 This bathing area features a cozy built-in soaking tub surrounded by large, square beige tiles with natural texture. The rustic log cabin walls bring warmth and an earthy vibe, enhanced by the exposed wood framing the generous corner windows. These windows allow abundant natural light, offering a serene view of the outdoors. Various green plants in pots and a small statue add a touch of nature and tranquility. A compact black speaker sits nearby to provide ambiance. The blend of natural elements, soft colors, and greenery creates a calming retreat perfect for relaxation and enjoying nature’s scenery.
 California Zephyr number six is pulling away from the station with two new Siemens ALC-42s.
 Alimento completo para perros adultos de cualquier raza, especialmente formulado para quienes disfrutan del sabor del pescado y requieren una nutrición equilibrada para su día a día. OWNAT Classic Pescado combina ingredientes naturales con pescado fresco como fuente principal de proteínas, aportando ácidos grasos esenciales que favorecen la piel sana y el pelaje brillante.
---
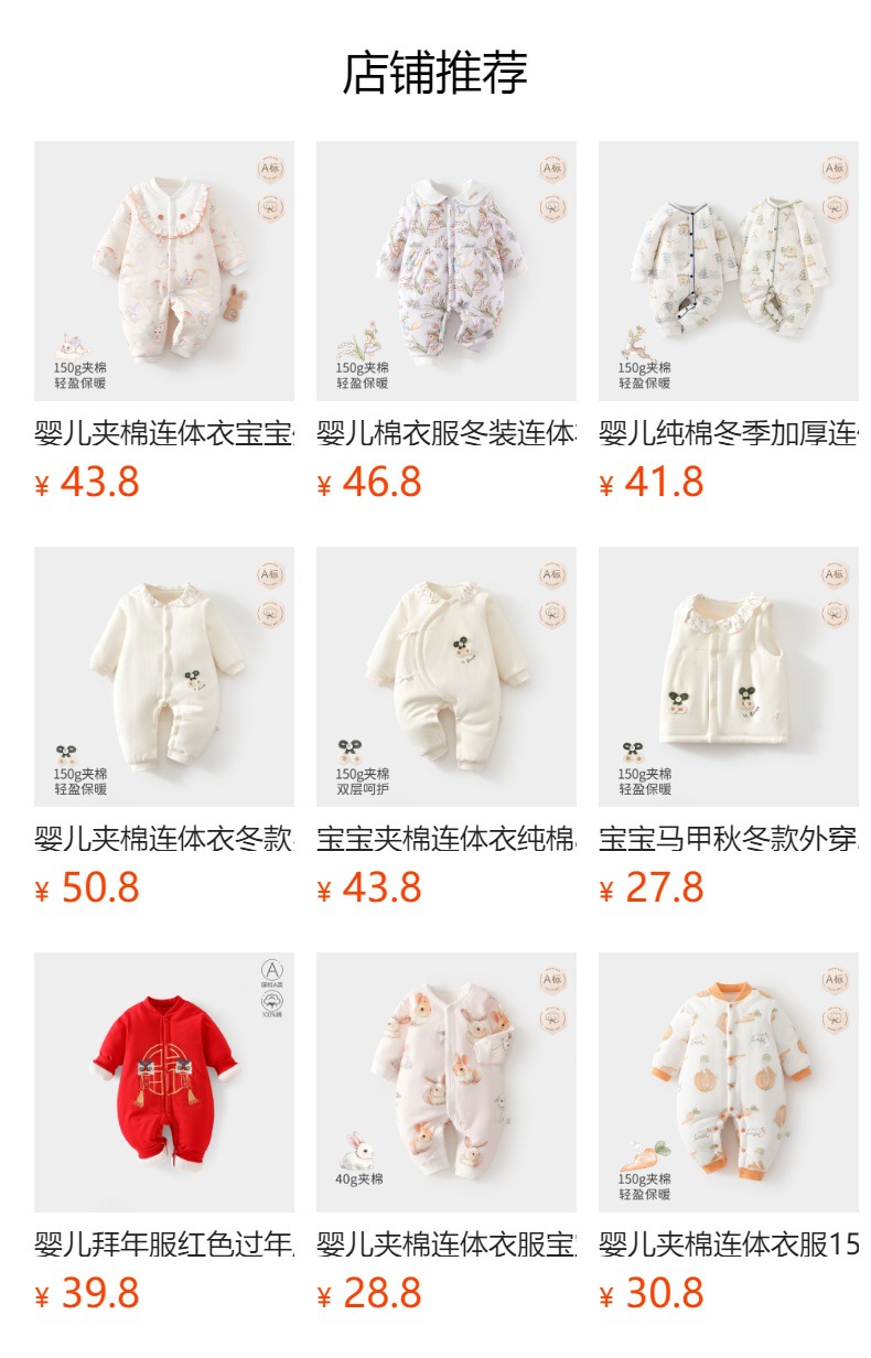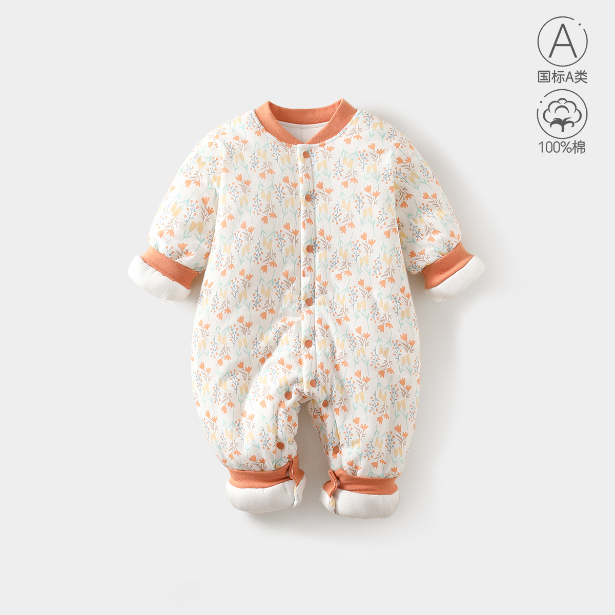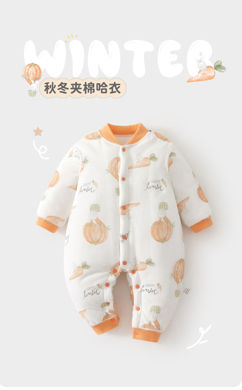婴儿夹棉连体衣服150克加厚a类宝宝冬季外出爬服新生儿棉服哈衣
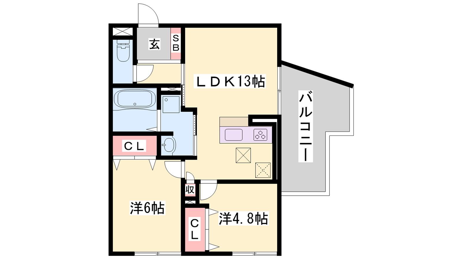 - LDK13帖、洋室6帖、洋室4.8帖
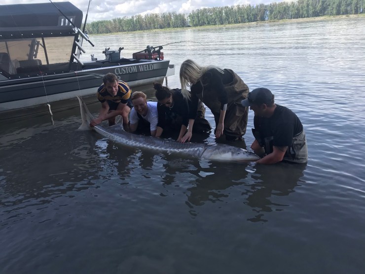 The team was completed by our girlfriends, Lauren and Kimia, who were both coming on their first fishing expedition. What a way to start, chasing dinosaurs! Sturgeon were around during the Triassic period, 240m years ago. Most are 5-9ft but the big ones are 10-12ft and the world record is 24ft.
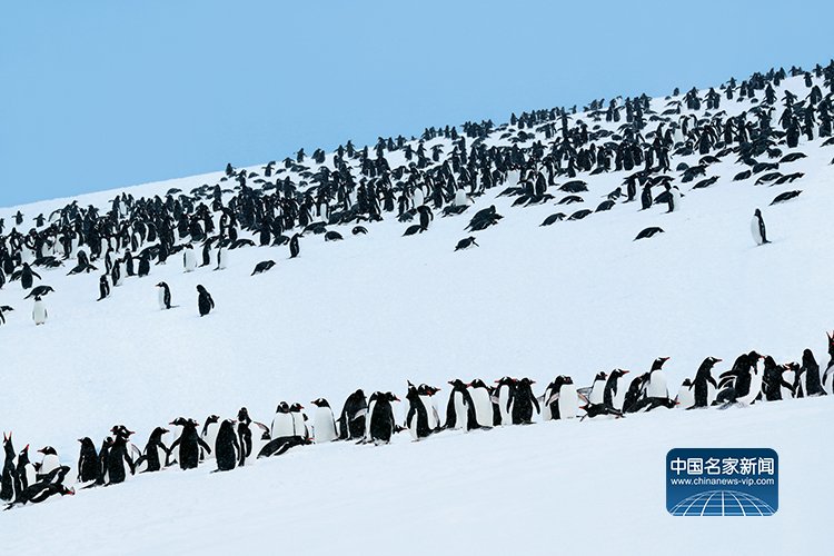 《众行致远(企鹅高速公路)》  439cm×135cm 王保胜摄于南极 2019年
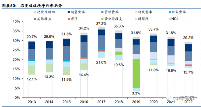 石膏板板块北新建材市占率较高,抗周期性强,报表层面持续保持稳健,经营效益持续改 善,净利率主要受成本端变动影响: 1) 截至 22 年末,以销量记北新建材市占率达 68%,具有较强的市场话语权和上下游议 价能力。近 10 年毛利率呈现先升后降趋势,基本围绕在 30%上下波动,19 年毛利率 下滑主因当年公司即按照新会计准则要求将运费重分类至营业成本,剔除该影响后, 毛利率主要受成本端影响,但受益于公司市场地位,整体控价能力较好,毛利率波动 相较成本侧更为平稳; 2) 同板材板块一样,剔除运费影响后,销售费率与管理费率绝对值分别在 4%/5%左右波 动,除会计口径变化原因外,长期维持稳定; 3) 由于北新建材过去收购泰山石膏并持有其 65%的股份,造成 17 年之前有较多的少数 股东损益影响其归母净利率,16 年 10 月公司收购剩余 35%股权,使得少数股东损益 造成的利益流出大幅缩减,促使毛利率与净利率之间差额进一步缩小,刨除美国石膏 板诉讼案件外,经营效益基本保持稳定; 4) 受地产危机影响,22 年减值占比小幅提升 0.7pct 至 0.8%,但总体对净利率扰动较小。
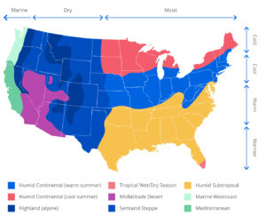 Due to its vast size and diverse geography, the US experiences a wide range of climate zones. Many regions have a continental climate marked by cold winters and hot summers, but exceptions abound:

WHAT YOU HAVE TO DO: Looking above, find the stretch of lines that opens with the one holding "439cm×135cm 王保胜摄于南极 2019年" and closes with the one holding "Due to its vast". Copy it exactly, pictures excluded.

ANSWER TO THE PROBLEM:
 《众行致远(企鹅高速公路)》  439cm×135cm 王保胜摄于南极 2019年
 石膏板板块北新建材市占率较高,抗周期性强,报表层面持续保持稳健,经营效益持续改 善,净利率主要受成本端变动影响: 1) 截至 22 年末,以销量记北新建材市占率达 68%,具有较强的市场话语权和上下游议 价能力。近 10 年毛利率呈现先升后降趋势,基本围绕在 30%上下波动,19 年毛利率 下滑主因当年公司即按照新会计准则要求将运费重分类至营业成本,剔除该影响后, 毛利率主要受成本端影响,但受益于公司市场地位,整体控价能力较好,毛利率波动 相较成本侧更为平稳; 2) 同板材板块一样,剔除运费影响后,销售费率与管理费率绝对值分别在 4%/5%左右波 动,除会计口径变化原因外,长期维持稳定; 3) 由于北新建材过去收购泰山石膏并持有其 65%的股份,造成 17 年之前有较多的少数 股东损益影响其归母净利率,16 年 10 月公司收购剩余 35%股权,使得少数股东损益 造成的利益流出大幅缩减,促使毛利率与净利率之间差额进一步缩小,刨除美国石膏 板诉讼案件外,经营效益基本保持稳定; 4) 受地产危机影响,22 年减值占比小幅提升 0.7pct 至 0.8%,但总体对净利率扰动较小。
 Due to its vast size and diverse geography, the US experiences a wide range of climate zones. Many regions have a continental climate marked by cold winters and hot summers, but exceptions abound:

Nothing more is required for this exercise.